Question

The electric intensity due to a dipole of length $10cm$ and having a charge of $500\mu C,$ at a point on the axis at a distance $20cm$ from one of the charges in air, is

• A. $6.25\times {10}^{7}N/C$
• B. $9.28\times {10}^{7}N/C$
• C. $13.1\times {11}^{11}N/C$
• D. $20.5\times {10}^{7}N/C$

Answer 1

The correct option is A $6.25\times {10}^{7}N/C$

$\text{Step 1: Dipole moment of the dipole}$

Dipole moment is given as: $p=q\times 2l$

Here $l=5cm=0.05m$

$p=500\times {10}^{-6}C\times 0.1m$

$p=5\times {10}^{-5}Cm$

It's direction is from $-q$ to $q$.

$\text{Step 2: Electric field due to dipole moment at point P}$

The point say $P$ is at a distance $20cm$ from charge $q$ as shown in figure. [Refer image $2$]

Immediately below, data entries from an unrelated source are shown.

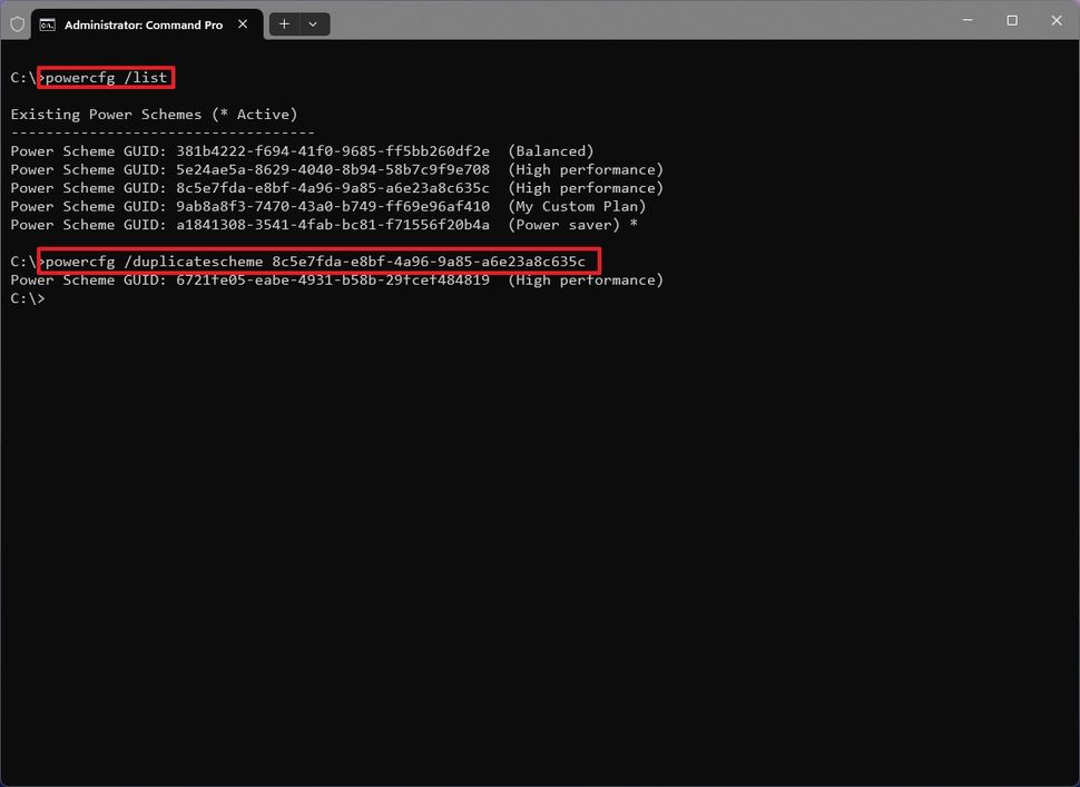 Change Power configuration for performance using PowerCFG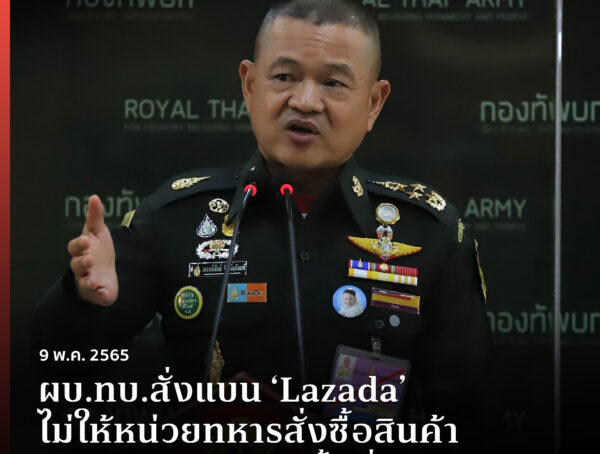 ผบ.ทบ.สั่งแบน ‘Lazada’ ไม่ให้หน่วยทหารสั่งซื้อสินค้า รถส่งของห้ามเข้าพื้นที่ทหาร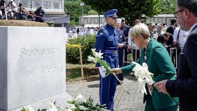 Nataša Pirc Musar polaga cvet v spomin na žrtve pokola v Srebrenici (MATJAŽ KLEMENC/UPRS) Še Predsednica Republike Slovenije se je poklonila žrtvam genocida v Srebrenici Spletno uredništvo | 11. jul. 2025 | 14:27

Electric field due to dipole on the axis is given as:

$E=\frac{1}{4\pi {ϵ}_0}\frac{2pr}{{(r^2-l^2)}^2}$ $....\left(1\right)$

where $r$ is the distance of point $P$ from the center of dipole, i.e. $0.25cm$

$\text{Step 3: Substitute the values}$

From equation $\left(1\right)$

$E=\frac{9\times {10}^9\times 2\times 5\times {10}^{-5}\times 0.25}{\left(\right(0.25{)}^2-(0.05{)}^2{)}^2}$

$=6.25\times {10}^{7}N/C$

Hence, Option(A) is correct.

[Note- The electric field is in the same direction as dipole moment.]